Day4 : Nexus Tree code for Output (2) (generating an output string) - done (testing file: SampleAddTree.java)

Day5 : Nexus Tree code for Output (3) (debugging) -done

Day6 : Documentation -done (getTree, addTree)

**Part II: Distance method (multiple hit correction method)**

* Week 3 Jukes-Cantor*
-Devoloping API for Jukes-Cantor method

Day1: Method for Nexus Parser -done(getTreeAsJGraphT)

Day2 :Jukes-Cantor method review & algorithm study & write sample input file -done

Day3: program development (1) code for pairwise comparison -done

Day4: program development (2) calculate K( # of nucleotide substitutions since the divergence) from the pairwise comparison result -done

K = -(3/4)*ln(1-(4/3)*p), p = prob. of two sequences to have different base at certain position

Day5: Documentaion & feedback for methods in PartI (getTree, AddTree, getTreeAsJgrapht) -done

**Week 4 Kimura's 2-parameter**

Day1: getting to know CVS and upload file -done

Day2: Kimura's 2-parameter model reveiw & write sample input file w/ Nexus Parser - done

Day3: program development: code for differenciate transition/transversion & Calculate K - done

K = (1/2)*ln(1/(1-2p-q)) + (1/4)*ln(1/(1-2q)), p: proportion of diff. transition q: proportion of diff. transversion

Day4: feedback for Multiple correction methods (JukesCantor, Kimura)

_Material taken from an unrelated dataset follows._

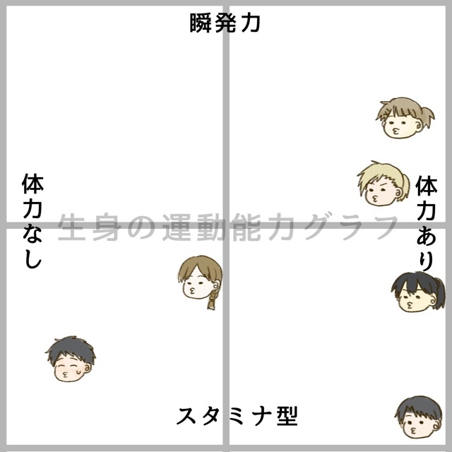 線を書くから安喜(茶髪ポニテ)、小豆畑(開眼黒髪)、マル(金髪ポニテ)、颯太(細目)。Stray Sheepから名取(黒髪ポニテ)と豊橋(茶髪おさげ)で配置してみたゾ

Day5: Reviewing UPGMA & N-J method.

**Part III: Distance based phylogeny reconstruction**

**week5 UPGMA method & Neighbor-Joining method**

Day1: code for UPGMA method(1) - building distance matrix (by JukesCantor or Kimura's 2-parameter)

Day2: code for UPGMA method(2) - calculate branch length & build weighted sub-tree as JGraphT

Day3: code for UPGMA method(3) - collapsing a pair and rebuild distance matrix

Day4: code for N-J method(1) - build initial star tree & choose a pair minizimg total branch length

Day5: code for N-J method(2) - collapse a pair & rebuild distance matrix & iterate

Day6: Revising code (if necessary)

[UPGMA]

1. finding shortest distance within distance matrix

2. calculate branch lengths as distance/2

3. build a sub-tree for that pair

4. collapse a pair (changes distance into 0)

5. repeat process expanding/combining trees

[N-J]

1. S = total branch length of tree

2. separate pair of taxa from all others

3. choose pair of taxa that minimizes S

4. build a sub-tree for that pair

5. collapse pair as distance and recalculate distance matrix

6. next pair that gives smallest S is chosen

7. repeat until complete

* Week 6 Documentation for Part I & II & III* : (JavaDoc and BJ website)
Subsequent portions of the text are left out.